The story is about the ability of the human mind to cope with disaster and with its own fears. The entire cast consists of two people, not counting voices on radio. It deserves to be a Hugo nominee. Is it science fiction, though, or just a movie about current technology? Its driving premise is that the destruction of a single satellite by a missile could set off a chain reaction of careening space junk that would wreck a sizable portion of what’s up there. I’d call that a science-fiction premise.

On the negative side, the ISS is supposed to be within spacewalking distance of the Hubble and a Chinese space station just a hundred kilometers beyond. The Hubble’s orbital altitude is about 350 miles and the ISS is about 260. That’s a 90-mile spacewalk even if their orbits are perfectly lined up.* Still, it’s hard to complain when Gravity comes so much closer to being right than most “sci-fi” movies. There’s also a sequence which at first seems even more wildly improbable; it isn’t what it seems, but it undercuts the sense that Ryan Stone is solving her own problems.

In the evening I went to a concert by Symphony NH, a really high-quality orchestra right here in Nashua. Ruth Palmer joined them for a performance of the Tchaikovsky Violin Concerto. I loved the sound of her instrument and the acoustics of Keefe Auditorium. There’s even a tie-in to space movies. Conductor Jonathan McPhee told us that the main theme from the concerto was used in The Right Stuff, which won an award for Best Original (!) Score.

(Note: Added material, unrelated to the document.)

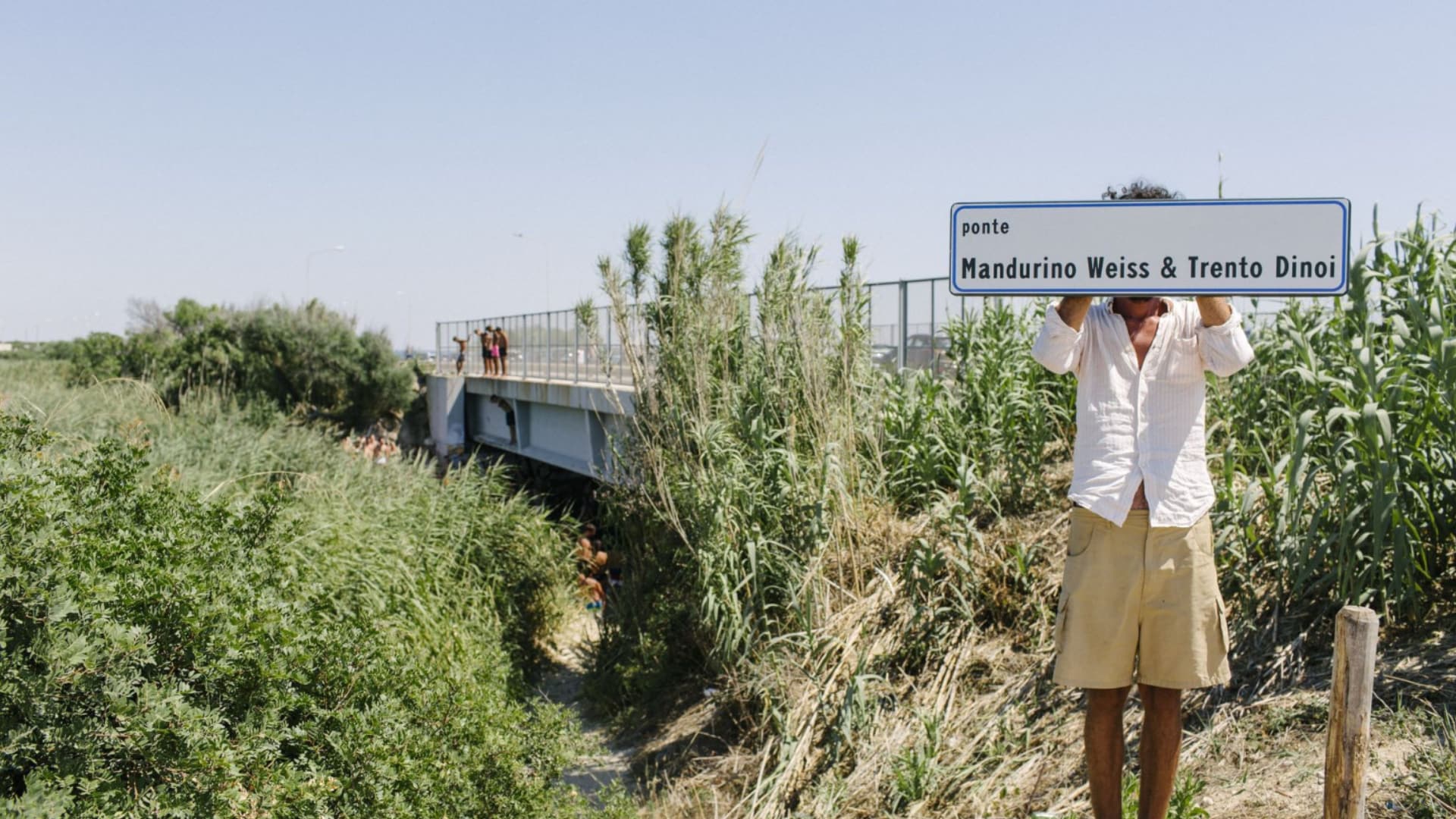 La performance di Fabrizio Bellomo riattiva una delle tante storie esemplari dei profughi della Grande Guerra, incarnata nella singolare vicenda di Mandurino Weiss e Trento Dinoi, nati lo stesso giorno del 1916. L’intreccio geografico dei nomi, uno riferito al Trentino e l’altro alle terre pugliesi, testimonia un gesto di riconoscenza e affetto reciproco che le famiglie dei due bambini si scambiarono quando a Manduria vennero accolti i trentini. Nell’azione performativa l’artista si pone provocatoriamente e ironicamente come “palo umano” e, reggendo un cartello stradale con i nomi, si posiziona nei pressi di un ponte di Manduria affinché esso venga intitolato ai due bambini. Oltre alle fotografie sono riportati, come parte organica del lavoro, una serie di screenshots e ritagli stampa, utilizzati dall’artista per sottoporre la sua azione all’attenzione dei politici locali.

The concert ended with Beethoven’s Seventh Symphony. I know that symphony inside and out, but every performance is a little different, and live performances let me see the effort that goes into them. I could go on for a long time about this one, but I’ll just mention one bit of subtle humor that goes all through it, a sort of running gag with obsessive chromatic bass lines. Near the end of the first movement, the cellos and basses keep repeating a short figure while the orchestra builds to a climax. In the third movement, the horn does a G, F-sharp, G that turns into what’s been described as a “coughing fit.” In the finale, the cellos and basses just can’t keep their footing. First they’re oscillating from G-sharp to A, then they slip down to G to A-flat, to E-flat, D, and C, before finally catching themselves on alternating E and D-sharp, which they hang on to as the bass while the orchestra builds up to a big climax. If you listen carefully, you’ll notice they stay on that D-sharp even after the rest of the orchestra has placed itself firmly in A major!

Not a bad day at all.

*Update: Come to think of it, the presumed relative positions of the Hubble and ISS do imply a physics problem in the plot, apart from whether such a long spacewalk is possible. It would be too much of a spoiler to spell it out here, but if you see the movie and then think about how orbits work, you’ll probably catch it.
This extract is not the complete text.